START PROVIDED DATA
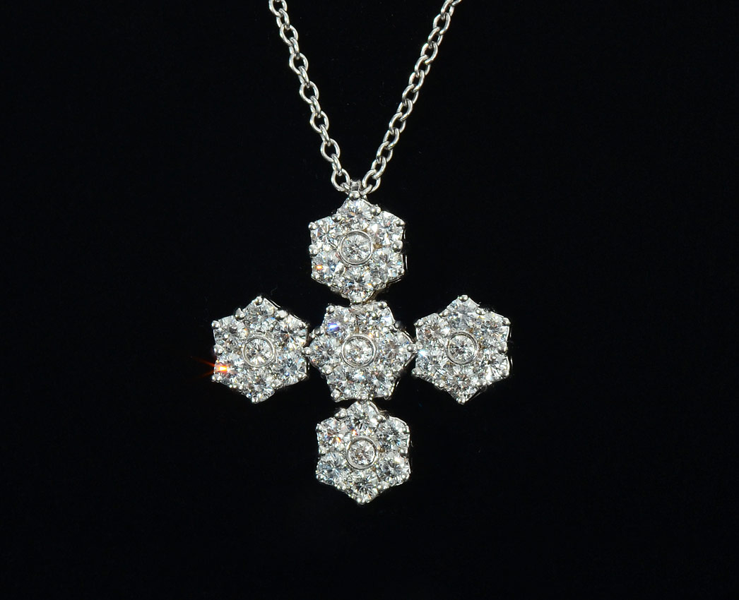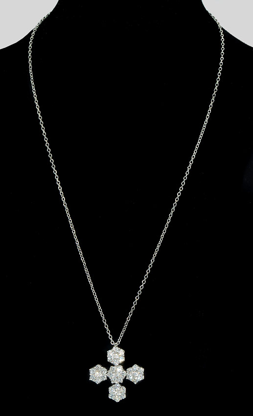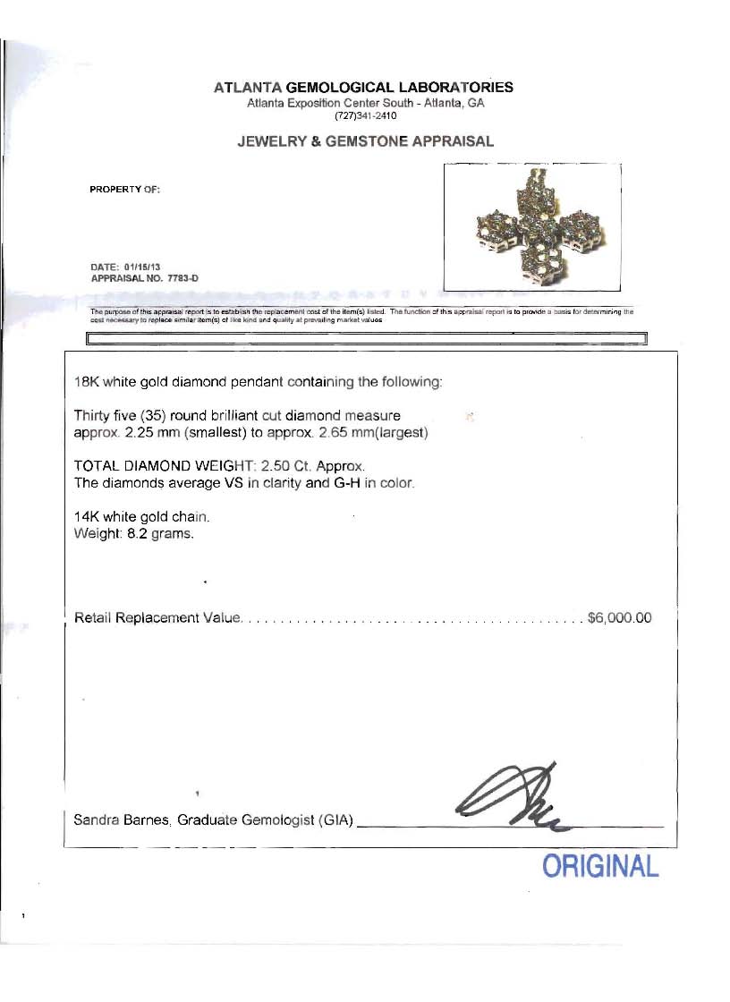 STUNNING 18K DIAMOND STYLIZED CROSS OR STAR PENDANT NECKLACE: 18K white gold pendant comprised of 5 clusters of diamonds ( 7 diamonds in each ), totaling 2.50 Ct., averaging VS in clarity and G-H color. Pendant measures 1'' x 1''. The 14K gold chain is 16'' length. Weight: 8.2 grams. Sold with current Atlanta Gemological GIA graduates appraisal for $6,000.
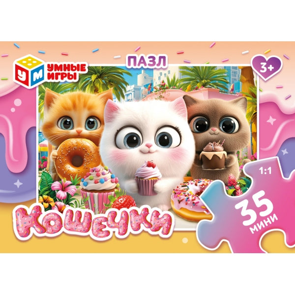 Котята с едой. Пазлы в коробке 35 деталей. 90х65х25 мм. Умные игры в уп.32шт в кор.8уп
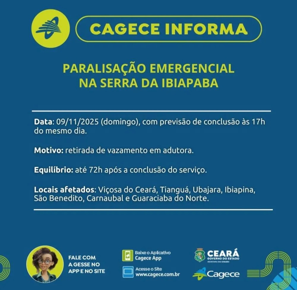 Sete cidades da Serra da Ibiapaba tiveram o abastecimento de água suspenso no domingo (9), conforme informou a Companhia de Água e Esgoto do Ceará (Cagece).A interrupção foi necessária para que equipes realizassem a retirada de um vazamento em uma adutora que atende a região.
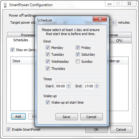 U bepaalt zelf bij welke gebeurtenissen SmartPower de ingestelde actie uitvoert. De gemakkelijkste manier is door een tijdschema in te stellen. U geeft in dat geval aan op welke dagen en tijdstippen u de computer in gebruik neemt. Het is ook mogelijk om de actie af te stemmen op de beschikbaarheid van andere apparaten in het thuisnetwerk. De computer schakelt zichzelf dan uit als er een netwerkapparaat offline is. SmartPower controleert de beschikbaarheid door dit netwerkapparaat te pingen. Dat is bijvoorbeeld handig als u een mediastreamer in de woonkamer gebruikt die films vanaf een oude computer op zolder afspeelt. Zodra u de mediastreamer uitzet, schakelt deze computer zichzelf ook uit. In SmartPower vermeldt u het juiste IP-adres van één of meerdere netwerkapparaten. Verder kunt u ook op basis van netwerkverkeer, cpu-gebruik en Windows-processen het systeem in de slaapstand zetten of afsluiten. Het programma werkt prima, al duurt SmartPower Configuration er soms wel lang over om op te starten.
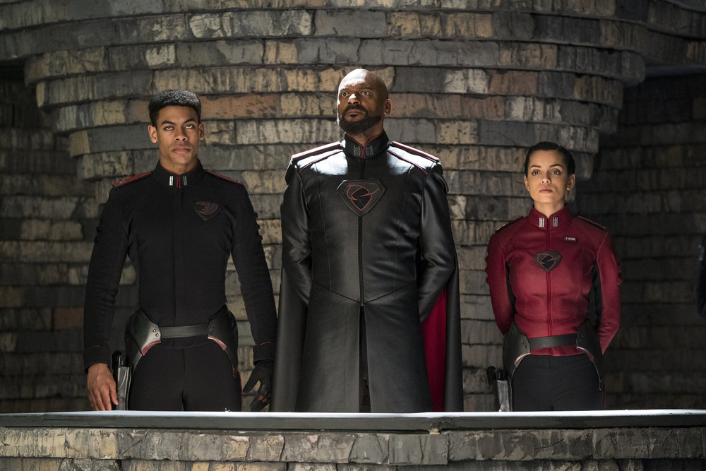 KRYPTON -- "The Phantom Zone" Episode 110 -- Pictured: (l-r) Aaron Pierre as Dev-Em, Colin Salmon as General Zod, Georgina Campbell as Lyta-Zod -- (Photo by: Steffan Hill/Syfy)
END PROVIDED DATA
** PROBLEM REQUIREMENTS **
Output every record verbatim, excluding any picture it contains.

** ANSWER SPACE **
 STUNNING 18K DIAMOND STYLIZED CROSS OR STAR PENDANT NECKLACE: 18K white gold pendant comprised of 5 clusters of diamonds ( 7 diamonds in each ), totaling 2.50 Ct., averaging VS in clarity and G-H color. Pendant measures 1'' x 1''. The 14K gold chain is 16'' length. Weight: 8.2 grams. Sold with current Atlanta Gemological GIA graduates appraisal for $6,000.
 Котята с едой. Пазлы в коробке 35 деталей. 90х65х25 мм. Умные игры в уп.32шт в кор.8уп
 Sete cidades da Serra da Ibiapaba tiveram o abastecimento de água suspenso no domingo (9), conforme informou a Companhia de Água e Esgoto do Ceará (Cagece).A interrupção foi necessária para que equipes realizassem a retirada de um vazamento em uma adutora que atende a região.
 U bepaalt zelf bij welke gebeurtenissen SmartPower de ingestelde actie uitvoert. De gemakkelijkste manier is door een tijdschema in te stellen. U geeft in dat geval aan op welke dagen en tijdstippen u de computer in gebruik neemt. Het is ook mogelijk om de actie af te stemmen op de beschikbaarheid van andere apparaten in het thuisnetwerk. De computer schakelt zichzelf dan uit als er een netwerkapparaat offline is. SmartPower controleert de beschikbaarheid door dit netwerkapparaat te pingen. Dat is bijvoorbeeld handig als u een mediastreamer in de woonkamer gebruikt die films vanaf een oude computer op zolder afspeelt. Zodra u de mediastreamer uitzet, schakelt deze computer zichzelf ook uit. In SmartPower vermeldt u het juiste IP-adres van één of meerdere netwerkapparaten. Verder kunt u ook op basis van netwerkverkeer, cpu-gebruik en Windows-processen het systeem in de slaapstand zetten of afsluiten. Het programma werkt prima, al duurt SmartPower Configuration er soms wel lang over om op te starten.
 KRYPTON -- "The Phantom Zone" Episode 110 -- Pictured: (l-r) Aaron Pierre as Dev-Em, Colin Salmon as General Zod, Georgina Campbell as Lyta-Zod -- (Photo by: Steffan Hill/Syfy)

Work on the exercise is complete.